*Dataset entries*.
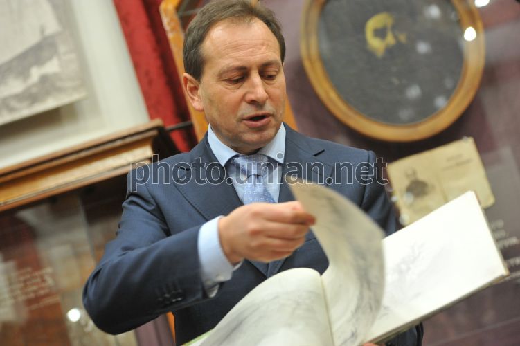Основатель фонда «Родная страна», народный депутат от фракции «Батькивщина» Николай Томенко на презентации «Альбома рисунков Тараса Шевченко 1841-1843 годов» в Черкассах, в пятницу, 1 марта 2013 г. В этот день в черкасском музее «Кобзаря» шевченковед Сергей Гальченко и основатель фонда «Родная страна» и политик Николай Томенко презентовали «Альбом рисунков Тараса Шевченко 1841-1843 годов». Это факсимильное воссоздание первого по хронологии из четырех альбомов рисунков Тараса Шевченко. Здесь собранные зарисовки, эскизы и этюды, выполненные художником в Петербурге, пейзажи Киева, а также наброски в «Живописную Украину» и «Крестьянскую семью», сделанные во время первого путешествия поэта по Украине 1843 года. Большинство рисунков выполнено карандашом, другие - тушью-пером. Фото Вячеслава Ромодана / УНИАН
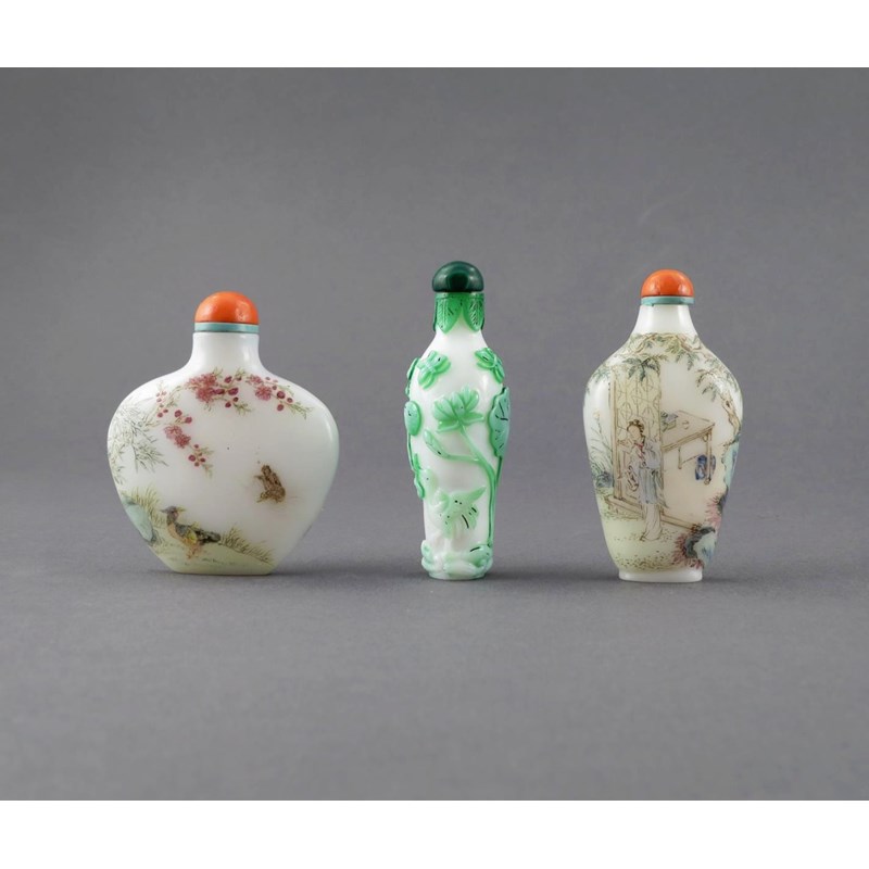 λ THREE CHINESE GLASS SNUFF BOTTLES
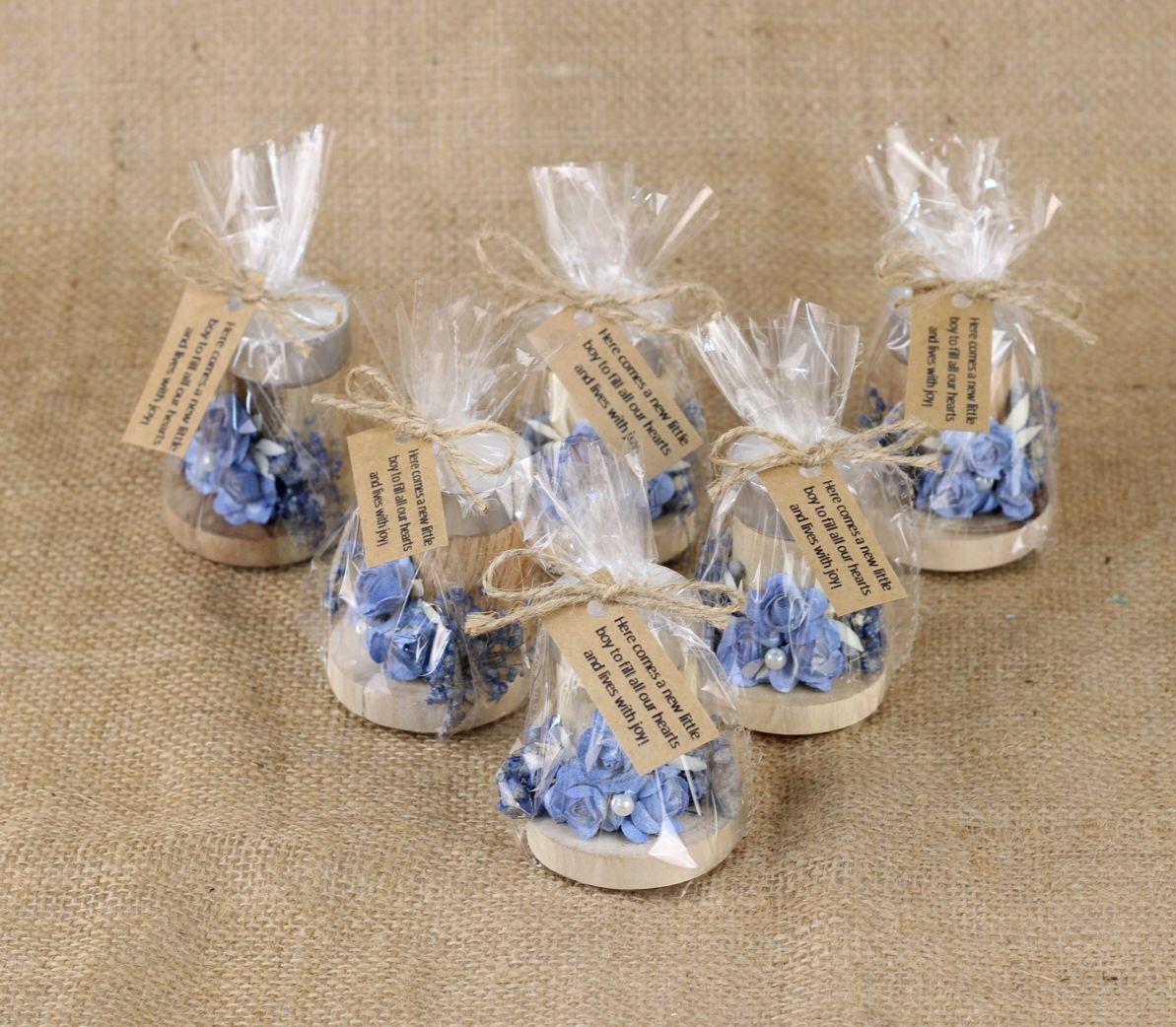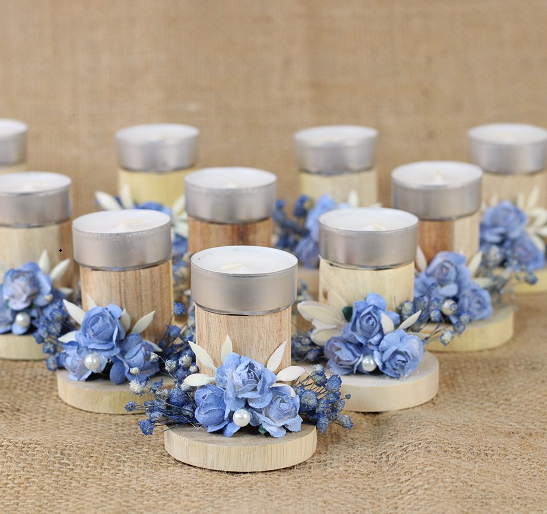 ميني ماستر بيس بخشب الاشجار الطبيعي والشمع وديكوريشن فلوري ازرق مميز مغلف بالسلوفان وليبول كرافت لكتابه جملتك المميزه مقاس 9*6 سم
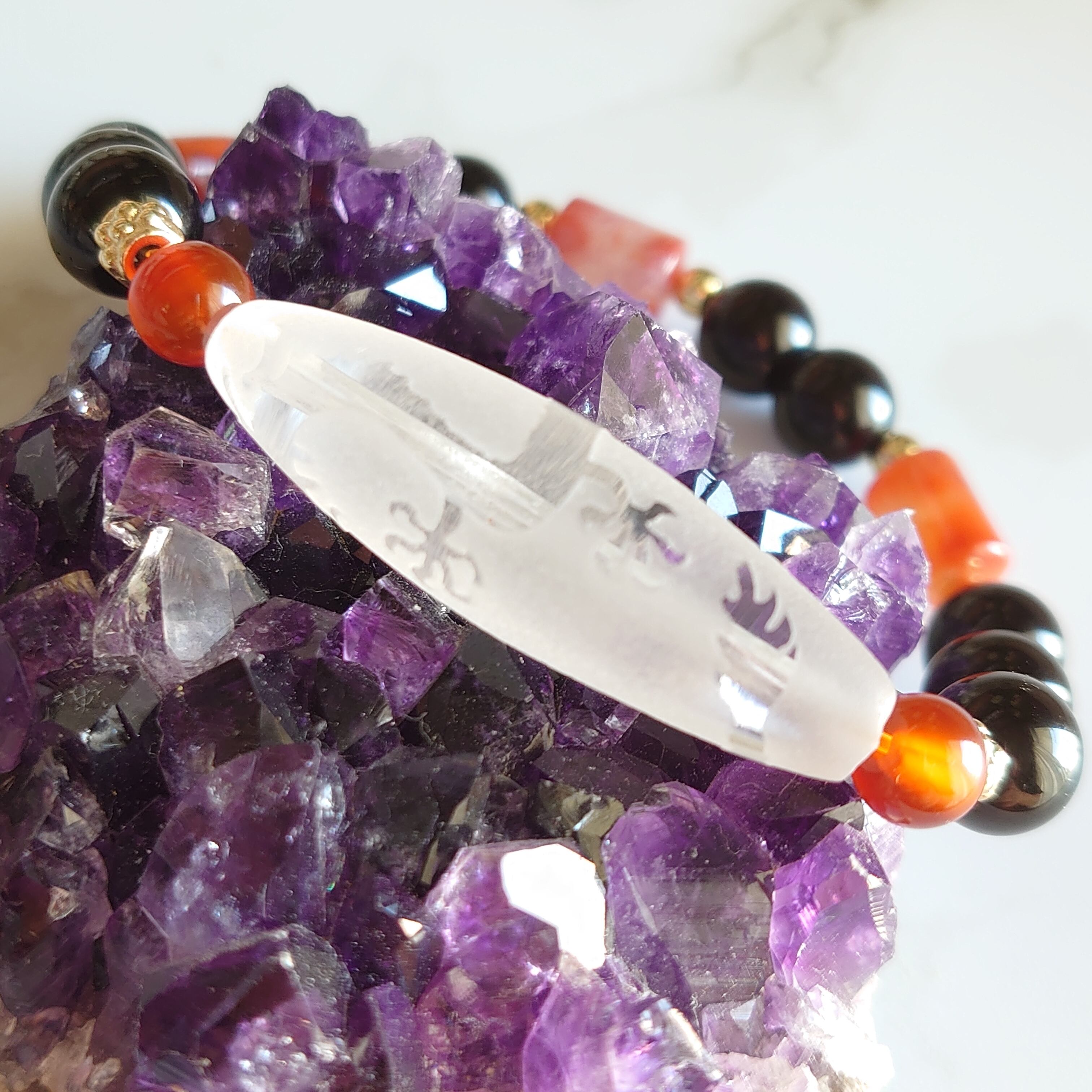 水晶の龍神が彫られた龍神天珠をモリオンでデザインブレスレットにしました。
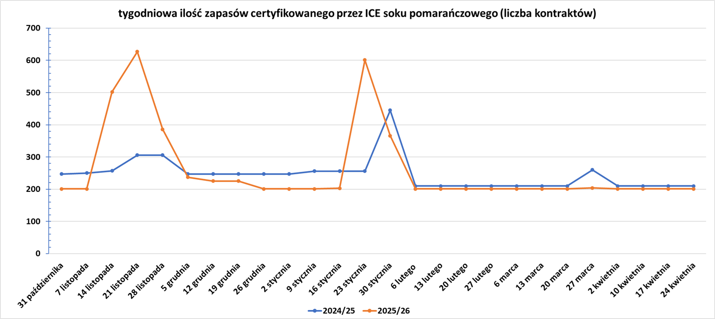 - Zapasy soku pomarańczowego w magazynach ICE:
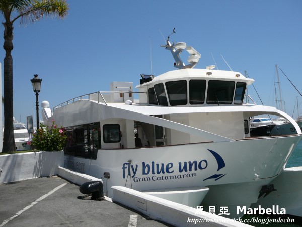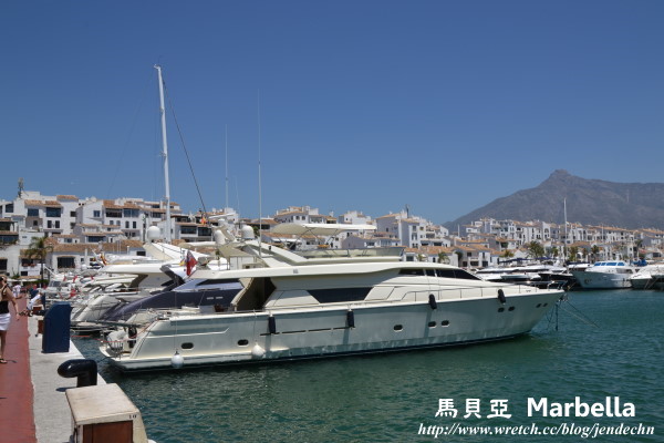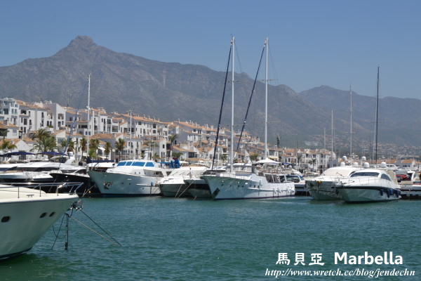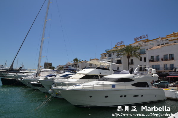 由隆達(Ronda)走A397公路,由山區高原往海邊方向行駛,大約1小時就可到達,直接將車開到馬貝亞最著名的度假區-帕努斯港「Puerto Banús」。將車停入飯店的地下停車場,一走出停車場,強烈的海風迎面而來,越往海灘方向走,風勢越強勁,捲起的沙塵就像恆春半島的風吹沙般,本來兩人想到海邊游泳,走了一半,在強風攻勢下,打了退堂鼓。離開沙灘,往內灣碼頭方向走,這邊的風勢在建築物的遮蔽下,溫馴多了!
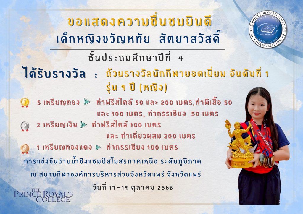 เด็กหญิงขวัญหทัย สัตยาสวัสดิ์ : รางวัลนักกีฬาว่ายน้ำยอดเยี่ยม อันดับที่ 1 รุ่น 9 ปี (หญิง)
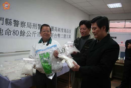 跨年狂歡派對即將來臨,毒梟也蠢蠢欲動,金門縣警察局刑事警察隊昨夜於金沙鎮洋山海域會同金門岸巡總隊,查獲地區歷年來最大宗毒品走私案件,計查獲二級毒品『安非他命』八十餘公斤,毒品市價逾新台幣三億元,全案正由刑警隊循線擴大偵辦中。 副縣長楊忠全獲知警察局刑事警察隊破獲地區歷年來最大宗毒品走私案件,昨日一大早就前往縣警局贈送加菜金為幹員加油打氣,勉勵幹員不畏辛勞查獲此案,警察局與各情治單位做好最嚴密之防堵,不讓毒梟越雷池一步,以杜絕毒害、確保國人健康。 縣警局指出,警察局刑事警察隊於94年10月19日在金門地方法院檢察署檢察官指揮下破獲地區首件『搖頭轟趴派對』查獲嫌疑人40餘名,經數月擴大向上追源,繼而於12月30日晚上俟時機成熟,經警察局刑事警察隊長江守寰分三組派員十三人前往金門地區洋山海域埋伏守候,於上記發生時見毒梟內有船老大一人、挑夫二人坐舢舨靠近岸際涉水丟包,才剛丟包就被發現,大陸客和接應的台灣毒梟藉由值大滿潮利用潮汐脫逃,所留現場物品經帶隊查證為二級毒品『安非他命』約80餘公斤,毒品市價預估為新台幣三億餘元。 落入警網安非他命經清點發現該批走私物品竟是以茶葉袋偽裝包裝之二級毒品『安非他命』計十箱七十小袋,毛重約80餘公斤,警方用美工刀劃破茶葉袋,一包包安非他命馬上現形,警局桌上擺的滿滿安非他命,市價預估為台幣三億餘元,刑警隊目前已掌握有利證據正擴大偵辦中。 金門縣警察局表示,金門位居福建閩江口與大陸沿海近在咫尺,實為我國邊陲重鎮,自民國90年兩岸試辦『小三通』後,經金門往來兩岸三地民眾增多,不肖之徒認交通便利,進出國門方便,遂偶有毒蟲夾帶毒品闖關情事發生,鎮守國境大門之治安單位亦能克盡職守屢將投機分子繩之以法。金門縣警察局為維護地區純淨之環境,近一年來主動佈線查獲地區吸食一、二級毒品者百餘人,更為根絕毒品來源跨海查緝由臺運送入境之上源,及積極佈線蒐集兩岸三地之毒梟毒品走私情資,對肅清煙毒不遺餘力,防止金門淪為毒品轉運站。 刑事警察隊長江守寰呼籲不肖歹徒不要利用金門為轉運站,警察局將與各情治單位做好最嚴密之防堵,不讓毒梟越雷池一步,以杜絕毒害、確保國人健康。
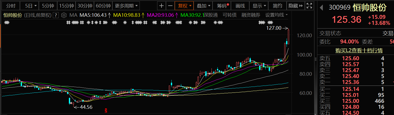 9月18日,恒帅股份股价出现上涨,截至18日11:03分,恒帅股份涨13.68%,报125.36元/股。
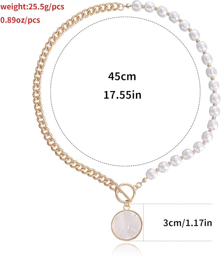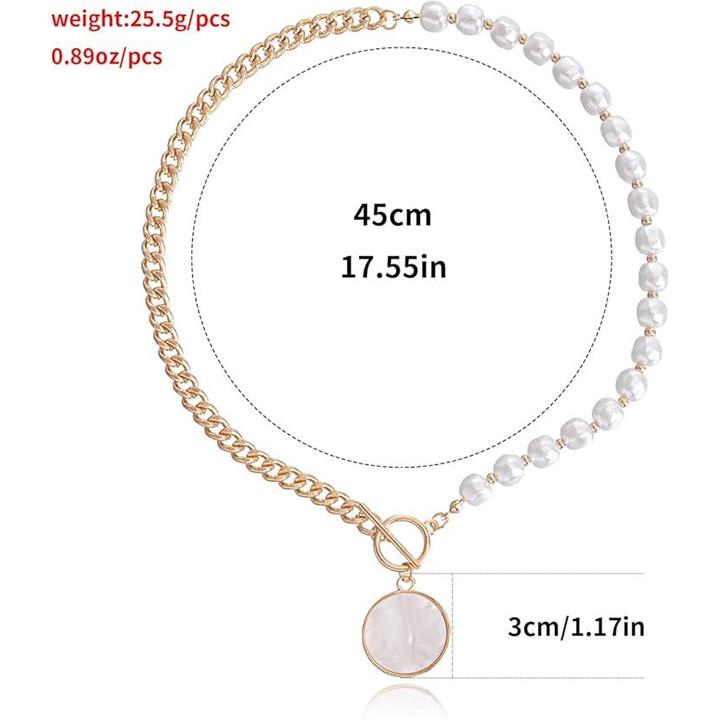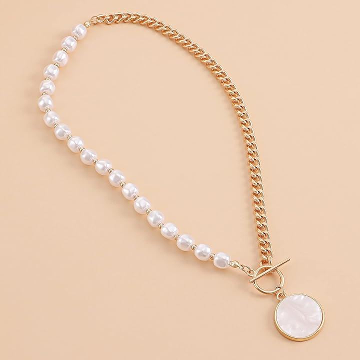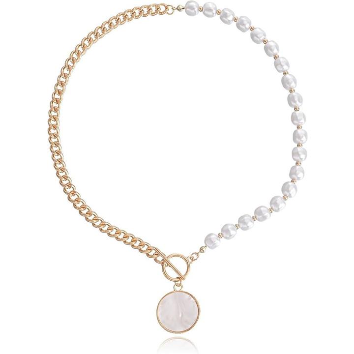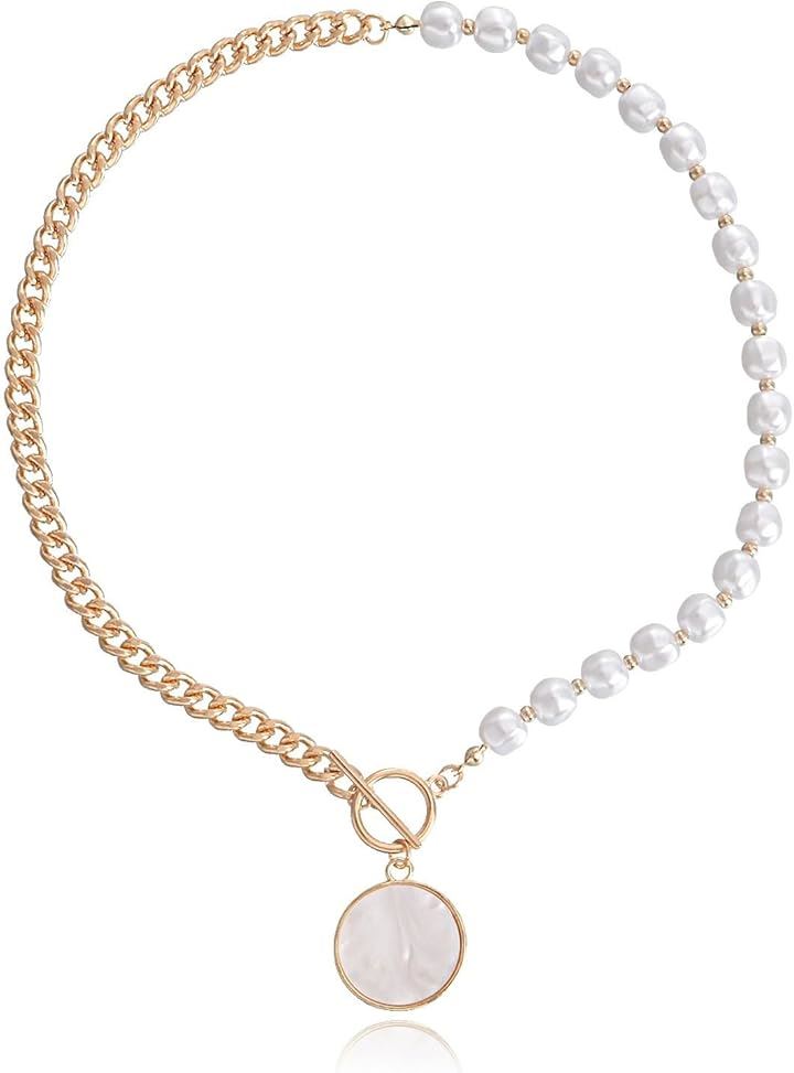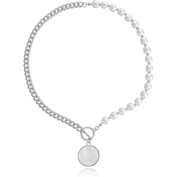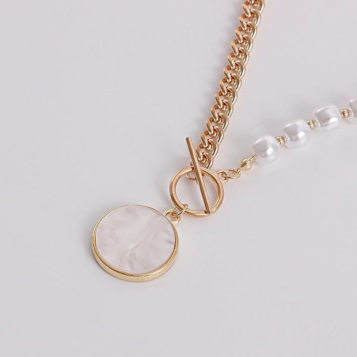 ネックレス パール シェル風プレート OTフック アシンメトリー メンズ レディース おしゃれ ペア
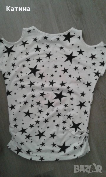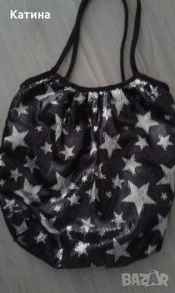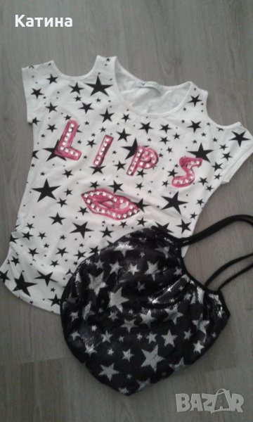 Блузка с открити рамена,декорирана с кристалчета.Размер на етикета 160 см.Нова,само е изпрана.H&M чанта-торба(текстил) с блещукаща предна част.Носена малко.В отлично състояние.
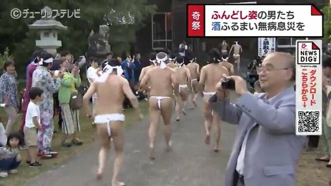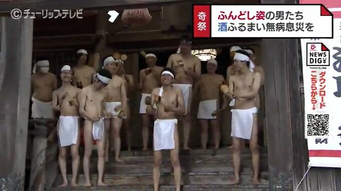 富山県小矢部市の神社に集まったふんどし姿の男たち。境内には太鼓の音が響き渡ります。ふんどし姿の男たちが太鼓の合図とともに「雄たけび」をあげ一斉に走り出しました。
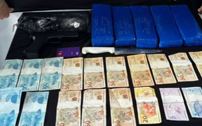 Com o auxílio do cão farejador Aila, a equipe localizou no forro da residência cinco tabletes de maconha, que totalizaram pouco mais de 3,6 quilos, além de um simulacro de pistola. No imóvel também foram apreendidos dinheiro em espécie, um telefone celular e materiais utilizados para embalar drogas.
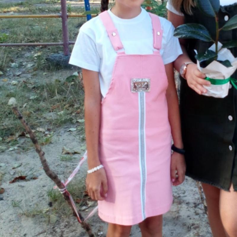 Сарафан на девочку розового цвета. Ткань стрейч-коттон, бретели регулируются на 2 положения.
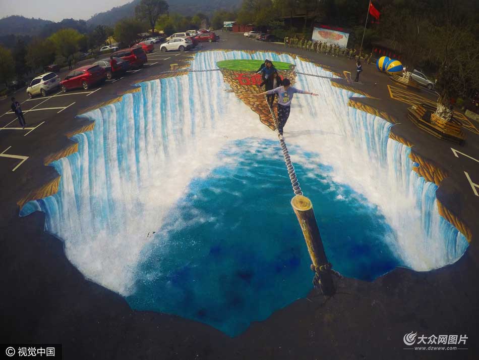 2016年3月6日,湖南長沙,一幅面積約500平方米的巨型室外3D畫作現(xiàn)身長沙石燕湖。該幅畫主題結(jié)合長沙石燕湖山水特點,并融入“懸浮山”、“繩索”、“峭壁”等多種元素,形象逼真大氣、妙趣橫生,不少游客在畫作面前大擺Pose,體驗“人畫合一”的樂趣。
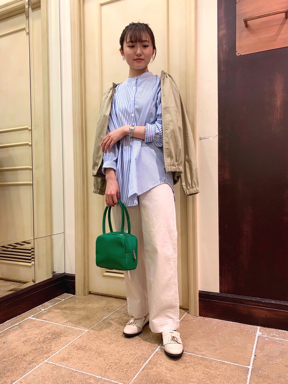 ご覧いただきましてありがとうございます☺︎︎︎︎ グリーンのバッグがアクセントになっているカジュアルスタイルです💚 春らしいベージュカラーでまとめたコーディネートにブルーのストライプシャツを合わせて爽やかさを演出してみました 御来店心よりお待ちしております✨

*Activity*. Among the entries above, copy exactly the stretch from the line holding "水晶の龍神が彫られた龍神天珠をモリオンでデザインブレスレットにしました。" through the line holding "Com o auxílio", leaving out any pictures.

*Exercise result*.
 水晶の龍神が彫られた龍神天珠をモリオンでデザインブレスレットにしました。
 - Zapasy soku pomarańczowego w magazynach ICE:
 由隆達(Ronda)走A397公路,由山區高原往海邊方向行駛,大約1小時就可到達,直接將車開到馬貝亞最著名的度假區-帕努斯港「Puerto Banús」。將車停入飯店的地下停車場,一走出停車場,強烈的海風迎面而來,越往海灘方向走,風勢越強勁,捲起的沙塵就像恆春半島的風吹沙般,本來兩人想到海邊游泳,走了一半,在強風攻勢下,打了退堂鼓。離開沙灘,往內灣碼頭方向走,這邊的風勢在建築物的遮蔽下,溫馴多了!
 เด็กหญิงขวัญหทัย สัตยาสวัสดิ์ : รางวัลนักกีฬาว่ายน้ำยอดเยี่ยม อันดับที่ 1 รุ่น 9 ปี (หญิง)
 跨年狂歡派對即將來臨,毒梟也蠢蠢欲動,金門縣警察局刑事警察隊昨夜於金沙鎮洋山海域會同金門岸巡總隊,查獲地區歷年來最大宗毒品走私案件,計查獲二級毒品『安非他命』八十餘公斤,毒品市價逾新台幣三億元,全案正由刑警隊循線擴大偵辦中。 副縣長楊忠全獲知警察局刑事警察隊破獲地區歷年來最大宗毒品走私案件,昨日一大早就前往縣警局贈送加菜金為幹員加油打氣,勉勵幹員不畏辛勞查獲此案,警察局與各情治單位做好最嚴密之防堵,不讓毒梟越雷池一步,以杜絕毒害、確保國人健康。 縣警局指出,警察局刑事警察隊於94年10月19日在金門地方法院檢察署檢察官指揮下破獲地區首件『搖頭轟趴派對』查獲嫌疑人40餘名,經數月擴大向上追源,繼而於12月30日晚上俟時機成熟,經警察局刑事警察隊長江守寰分三組派員十三人前往金門地區洋山海域埋伏守候,於上記發生時見毒梟內有船老大一人、挑夫二人坐舢舨靠近岸際涉水丟包,才剛丟包就被發現,大陸客和接應的台灣毒梟藉由值大滿潮利用潮汐脫逃,所留現場物品經帶隊查證為二級毒品『安非他命』約80餘公斤,毒品市價預估為新台幣三億餘元。 落入警網安非他命經清點發現該批走私物品竟是以茶葉袋偽裝包裝之二級毒品『安非他命』計十箱七十小袋,毛重約80餘公斤,警方用美工刀劃破茶葉袋,一包包安非他命馬上現形,警局桌上擺的滿滿安非他命,市價預估為台幣三億餘元,刑警隊目前已掌握有利證據正擴大偵辦中。 金門縣警察局表示,金門位居福建閩江口與大陸沿海近在咫尺,實為我國邊陲重鎮,自民國90年兩岸試辦『小三通』後,經金門往來兩岸三地民眾增多,不肖之徒認交通便利,進出國門方便,遂偶有毒蟲夾帶毒品闖關情事發生,鎮守國境大門之治安單位亦能克盡職守屢將投機分子繩之以法。金門縣警察局為維護地區純淨之環境,近一年來主動佈線查獲地區吸食一、二級毒品者百餘人,更為根絕毒品來源跨海查緝由臺運送入境之上源,及積極佈線蒐集兩岸三地之毒梟毒品走私情資,對肅清煙毒不遺餘力,防止金門淪為毒品轉運站。 刑事警察隊長江守寰呼籲不肖歹徒不要利用金門為轉運站,警察局將與各情治單位做好最嚴密之防堵,不讓毒梟越雷池一步,以杜絕毒害、確保國人健康。
 9月18日,恒帅股份股价出现上涨,截至18日11:03分,恒帅股份涨13.68%,报125.36元/股。
 ネックレス パール シェル風プレート OTフック アシンメトリー メンズ レディース おしゃれ ペア
 Блузка с открити рамена,декорирана с кристалчета.Размер на етикета 160 см.Нова,само е изпрана.H&M чанта-торба(текстил) с блещукаща предна част.Носена малко.В отлично състояние.
 富山県小矢部市の神社に集まったふんどし姿の男たち。境内には太鼓の音が響き渡ります。ふんどし姿の男たちが太鼓の合図とともに「雄たけび」をあげ一斉に走り出しました。
 Com o auxílio do cão farejador Aila, a equipe localizou no forro da residência cinco tabletes de maconha, que totalizaram pouco mais de 3,6 quilos, além de um simulacro de pistola. No imóvel também foram apreendidos dinheiro em espécie, um telefone celular e materiais utilizados para embalar drogas.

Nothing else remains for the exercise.